■ **Prompt**:
Once the line with "ثلاثة أوجه: كونه" is found in the entries below, print it and each following line exactly, stopping after the line with "Краситель пищевой белый"; print nothing else.

──────── Provided material ────────

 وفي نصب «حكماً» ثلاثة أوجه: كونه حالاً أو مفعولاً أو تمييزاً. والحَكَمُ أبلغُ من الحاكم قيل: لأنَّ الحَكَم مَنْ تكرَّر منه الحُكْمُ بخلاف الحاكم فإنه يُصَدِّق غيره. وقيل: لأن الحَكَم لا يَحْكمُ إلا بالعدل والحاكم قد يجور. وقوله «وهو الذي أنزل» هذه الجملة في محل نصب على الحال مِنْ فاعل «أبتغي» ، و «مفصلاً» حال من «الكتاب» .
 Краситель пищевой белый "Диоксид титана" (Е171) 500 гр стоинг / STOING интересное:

────────
──────── Provided material ────────

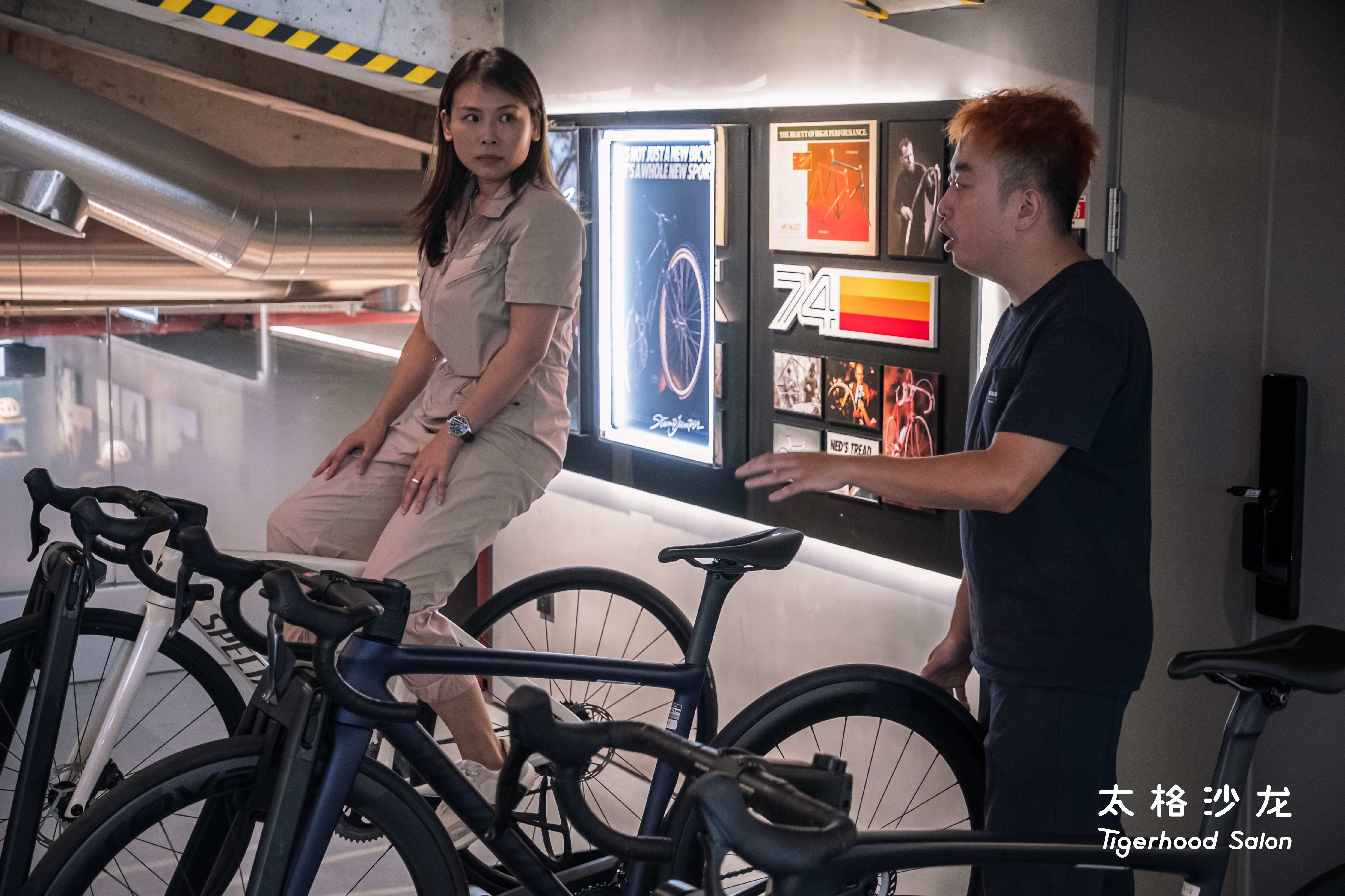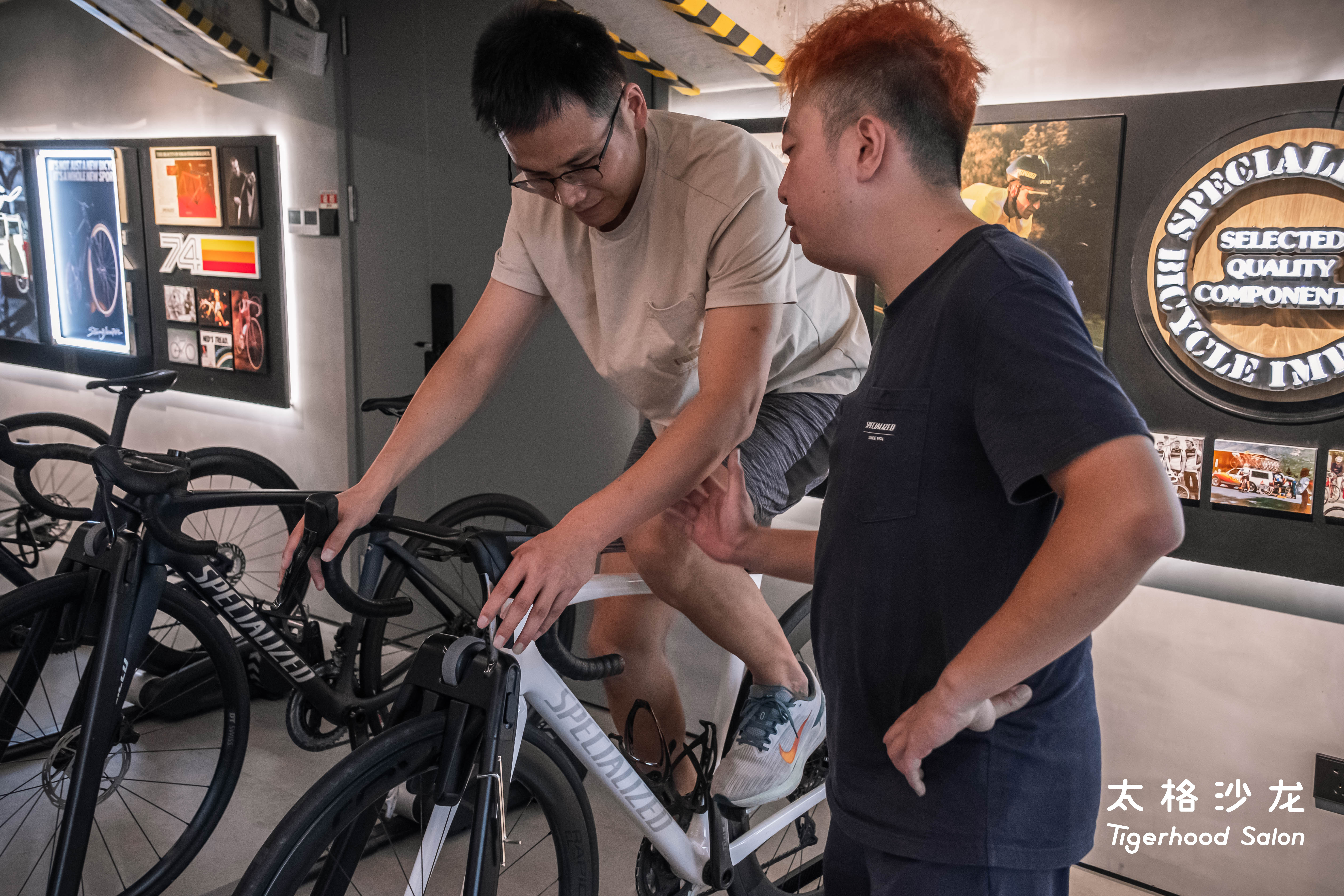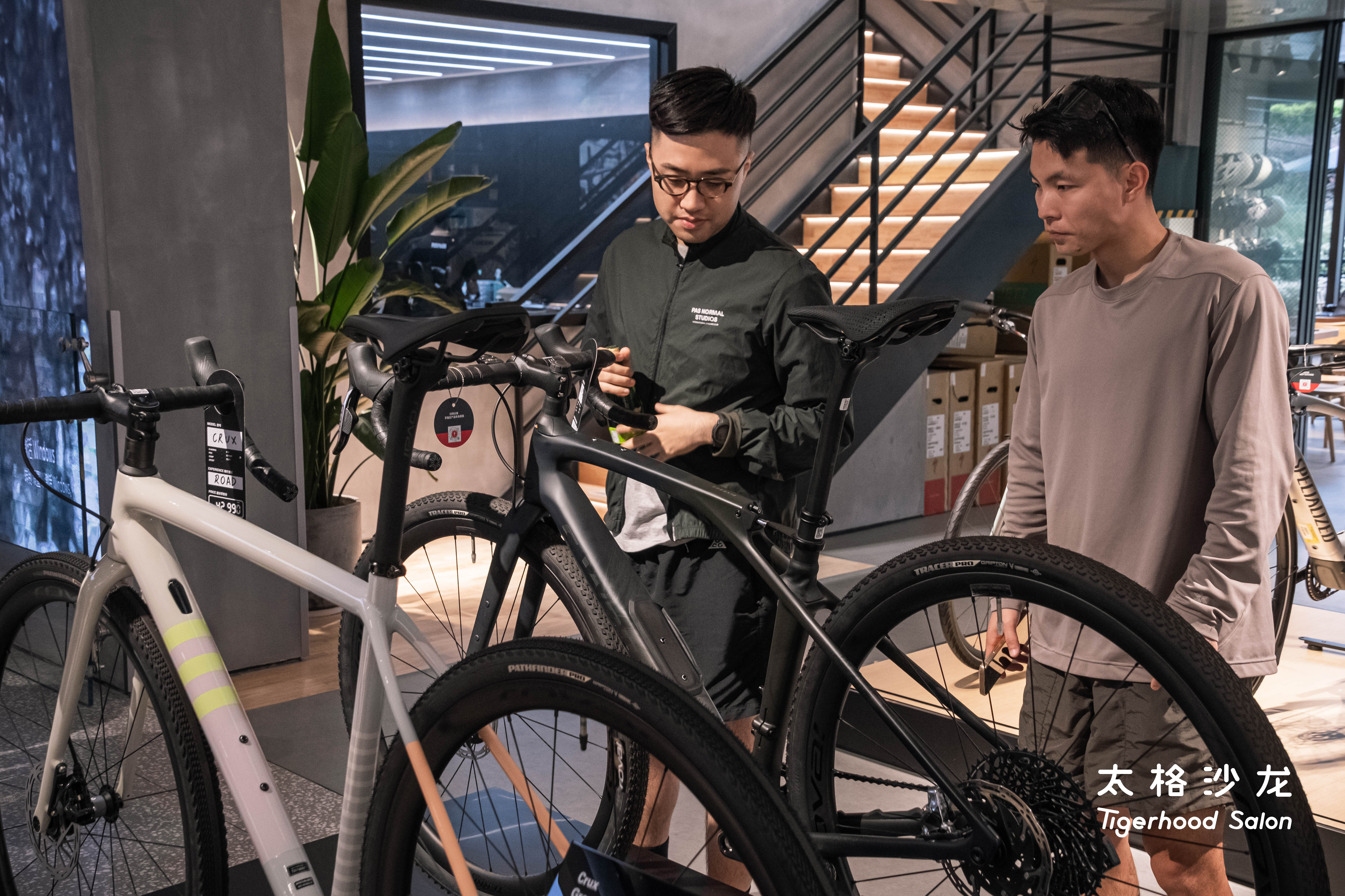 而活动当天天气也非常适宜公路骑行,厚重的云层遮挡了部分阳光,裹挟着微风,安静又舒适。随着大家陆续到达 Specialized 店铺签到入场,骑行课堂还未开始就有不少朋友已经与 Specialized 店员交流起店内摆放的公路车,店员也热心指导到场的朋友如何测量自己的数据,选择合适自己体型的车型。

────────

■ **Answer space**:
 وفي نصب «حكماً» ثلاثة أوجه: كونه حالاً أو مفعولاً أو تمييزاً. والحَكَمُ أبلغُ من الحاكم قيل: لأنَّ الحَكَم مَنْ تكرَّر منه الحُكْمُ بخلاف الحاكم فإنه يُصَدِّق غيره. وقيل: لأن الحَكَم لا يَحْكمُ إلا بالعدل والحاكم قد يجور. وقوله «وهو الذي أنزل» هذه الجملة في محل نصب على الحال مِنْ فاعل «أبتغي» ، و «مفصلاً» حال من «الكتاب» .
 Краситель пищевой белый "Диоксид титана" (Е171) 500 гр стоинг / STOING интересное:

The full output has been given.